Well, my root doc is 60k+, and having it hit up to a couple dozen times a day by worms is just a nuisance. So I started poking around in Apache to figure out how to refuse them. It wound up being a tiny bit trickier than I expected; here's what I did:


<IfModule mod_setenvif.c>
...
BrowserMatch "^$" agent-deny
...
</IfModule>

...

<Directory /whatever>
<IfModule mod_access.c>
Order Allow,Deny
Allow from all
Deny from env=agent-deny
</IfModule>
</Directory>


Getting to that point held a pitfall, though. In the logs, the user agent was displayed as "-". So my first shot at a BrowserMatch string was "-", but that matched anything with a dash, i.e. everything. I then tried "^-$" and "^-", but then nothing matched. On Freenode's #apache channel, bare-foot suggested that since the dash is displayed in place of an empty string, that perhaps "^$" would work, and it did.

Prior to getting on irc, I was trying to figure out how to display environment variables, and did manage to change my LogFormat to include "%{agent-deny}e", which indicated that my variable wasn't being set. I then changed the string to match my browser, and saw that it was being set, narrowing my problem down to the regex.

Anyway, now all the bots get is a 295-byte 403 response, and my world is a little bit nicer.

Monday, August 01, 2005

Java Generics

Well, I got all of us in the office moved up to Eclipse 3.1, and have been fairly happy with it so far: a bit faster to start up, filters on the properties pages, etc. And support for JDK 5.0.

I've been interested in playing with generics since I heard Java was getting them. I had messed around with C++ generics, and liked them there, so once I got Eclipse running, I went to work correcting the type warnings that popped up in all of the Iterators and HashMaps we're using.

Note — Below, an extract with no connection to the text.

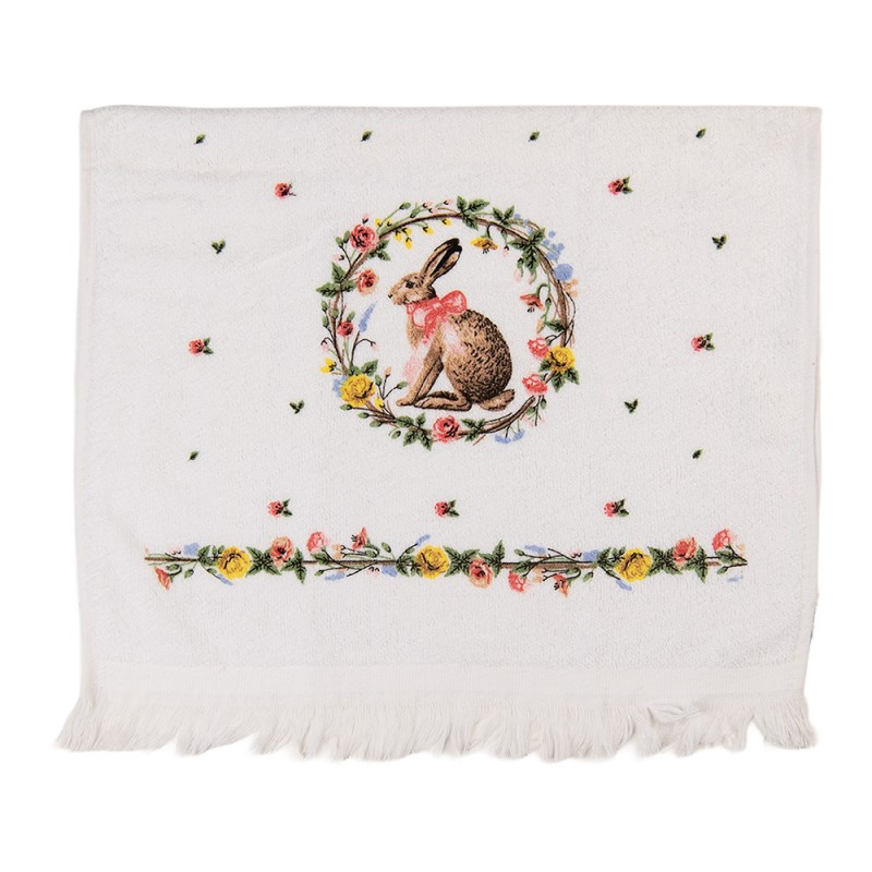 De textielserie is gemaakt van katoenen stof met een beige ondergrond en een design van een mooie krans met daarin een haas met een roze strik. De krans heeft allemaal bloemetjes, roosjes en blaadjes. Verspreid over de stof vind je ook kleine roosjes en blaadjes. De meeste items van deze serie zijn afgewerkt met een roze band.

So I fixed everything in three of our smaller projects, and noticed that the remaining two had 1350+ warnings remaining. Hoo boy, what to do. I mentioned it to Boss, who leaned toward letting our junior guy, Junior, fix them at his leisure. So far, so good.

Then I looked at the code again. It was ugly. < and > everywhere, hideously long names, and after wandering through a few dozen source files, I had found nothing that made me think "hey, glad I put that there, or I wouldn't have found *THAT* bug". So I started thinking about ways to make it cleaner.

I Googled, and found a mention of subclassing, i.e. HashMap, which worked fine (we use HashMap<String,String> a *LOT*), and the code became a lot less ugly, and made further changes a lot easier to make (I called the new class HashMapSS; pretty easy change to that from HashMap). I played with that a bit, then took another look.

I got down to about 1300 warnings, and asked myself: What does it buy us to fix all of these? Initially, I was telling Junior and two other coworkers about generics, and just got blank stares. "Increase coding time and make the code ugly? For what?" With these new classes, we're just down to a minor increase in coding time, but again, for what?

In our case, we're not running into problems that adding these checks would have caught earlier. ClassCastExceptions and the like. As I'm the office code Nazi, I'm the one who would be most eager to code this way, and I'm sitting on the fence. Everyone else has turned off the warnings and continued merrily along.

I'll probably continue to code with the warnings on, and see how it goes, just because, but I'm not as excited about generics as I had expected to be. Perhaps the Python I'm doing in my spare time is rubbing off. Throw a few test cases at it, and all this static typing is more of a burden than an assist.